When the temperature of the water is higher than the set temperature,

keeping the original value unchanged;

when in use

When it is used, order

S5: outputting the data

Wherein,

as a weight parameter

Actual coded values after coding;

weight parameter

By two coded values

And

determining, weighting, parameters

By two coded values

And

are determined jointly, wherein

Is a shared negative encoded value;

mapping is stored to

The positive matrix is a matrix of positive ions,

mapping is stored to

The positive matrix is a matrix of positive ions,

the mapping is stored to the shared negative matrix.

3. The method of claim 1, using

A negative matrix of the matrix is formed,

s1: inputting weight parameters

S2: judgment of

When in use

Order to

When in use

Order to

S3：

S4: judgment of

When in use

When the temperature of the water is higher than the set temperature,

keeping the original value unchanged;

when in use

When the temperature of the water is higher than the set temperature,

s5: outputting the data

Wherein,

as a weight parameter

Actual coded values after coding;

weight parameter

By two coded values

And

determining, weighting, parameters

By two coded values

And

are determined jointly, wherein

To share a positive encoded value;

mapping is stored to

A negative matrix of the matrix is formed,

mapping is stored to

A negative matrix of the matrix is formed,

the mapping is stored to the shared positive matrix.

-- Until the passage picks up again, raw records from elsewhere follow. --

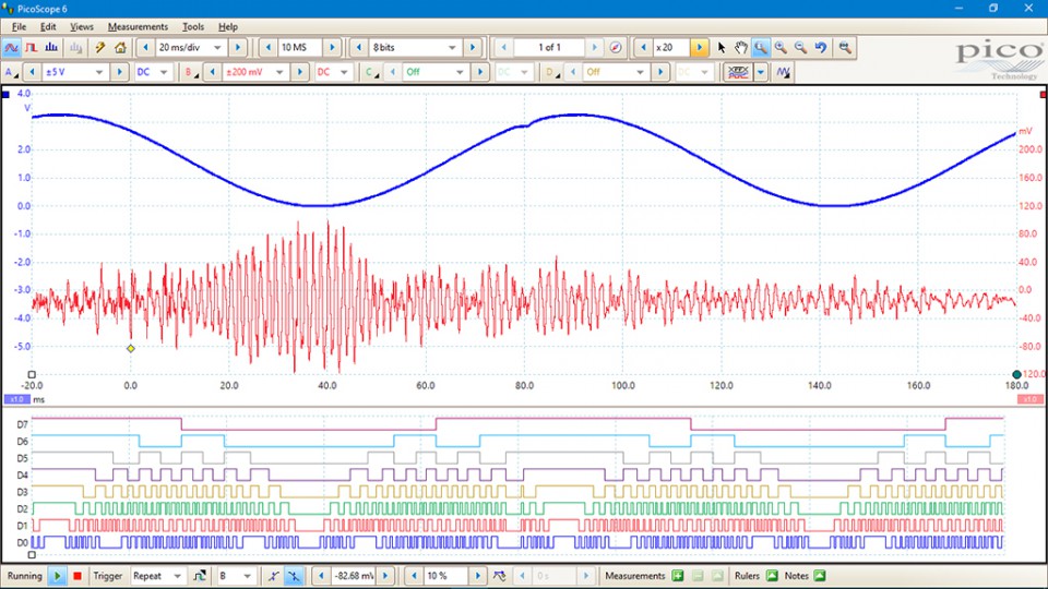 曾經在波形上發現了一個小故障,但是當你停止它的范圍時它已經消失了?使用PicoScope,您不再需要擔心丟失毛刺或其他瞬態事件。PicoScope可將最后一萬個示波器或頻譜波形存儲在其圓形波形緩沖器中。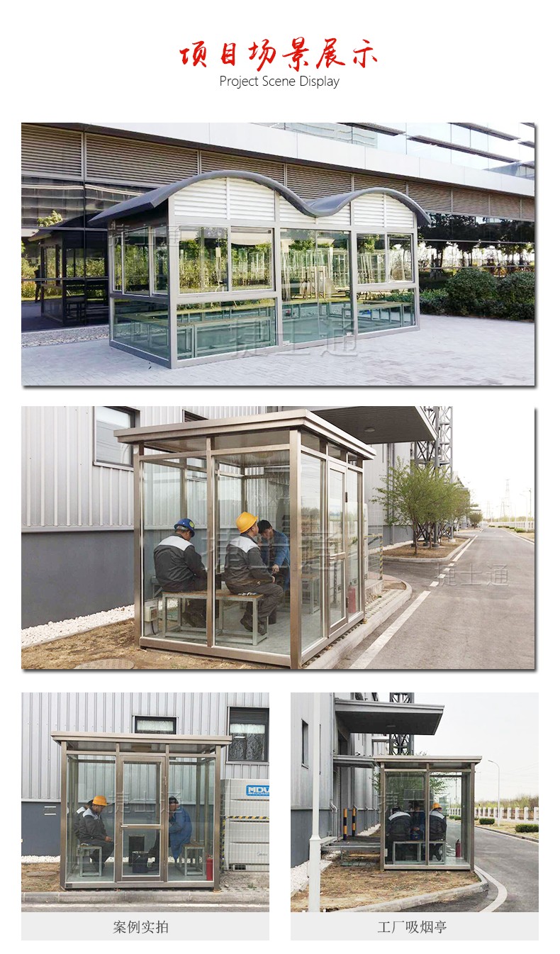 天津捷士通吸煙崗?fù)は盗?;吸煙亭常?guī)結(jié)構(gòu)以不銹鋼管及鍍鋅鋼管作為框架,再加上鋼化玻璃為外觀。外觀時尚現(xiàn)代,內(nèi)部舒適便捷;優(yōu)勢在于防火,排風(fēng),聲光控制燈光,可移動,配有吸煙桶及座椅;室外及室內(nèi)可移動吸煙亭既解決了安全及環(huán)境問題,也解決了員工抽煙的過渡問題,是企業(yè)單位的優(yōu)選擇。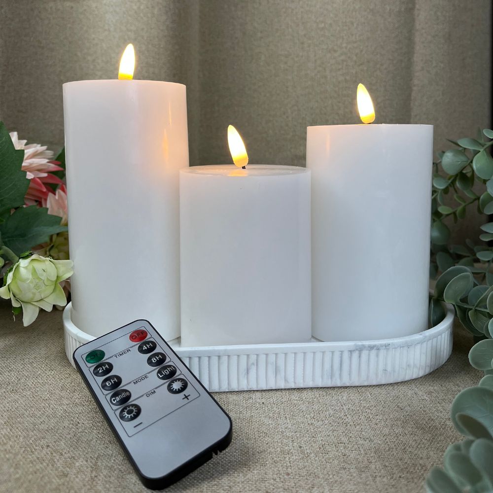 LED-blockljus - Set om 3 i vitt med fjärrkontroll är den perfekta lösningen för att skapa stämning och inreda ditt hem med ljus. De är idealiska för både inomhusbruk och som en del av dina festliga bordsdukningar eller dekorativa inredningselement.

4. A neural network chip comprising an inventory array formed by a plurality of inventory devices, each weight value in a neural network weight matrix being written one by one into a corresponding inventory device, characterized in that the neural network weight matrix is obtained by using the neural network weight parameter coding method according to any one of claims 1 to 3.

5. The chip of claim 4, wherein the memory device is a non-volatile memory device.

6. The chip of claim 5, wherein the precision of the memory device is 8 bits.

7. The chip of claim 5, wherein the precision of the memory device is 4 bits.

8. A computing device comprising a memory and a processor, the memory having stored thereon computer-executable instructions, wherein the instructions, when executed by the processor, perform the neural network weight parameter encoding method of any one of claims 1-3.

9. A neural network hardware system, comprising: the neural network chip of any one of claims 4-7 and/or the computing device of claim 8.

10. Use of the neural network weight parameter coding method according to any one of claims 1 to 3 and/or the neural network chip according to any one of claims 4 to 7 and/or the computing device according to claim 8 and/or the neural network hardware system according to claim 9 in the field of neural network technology.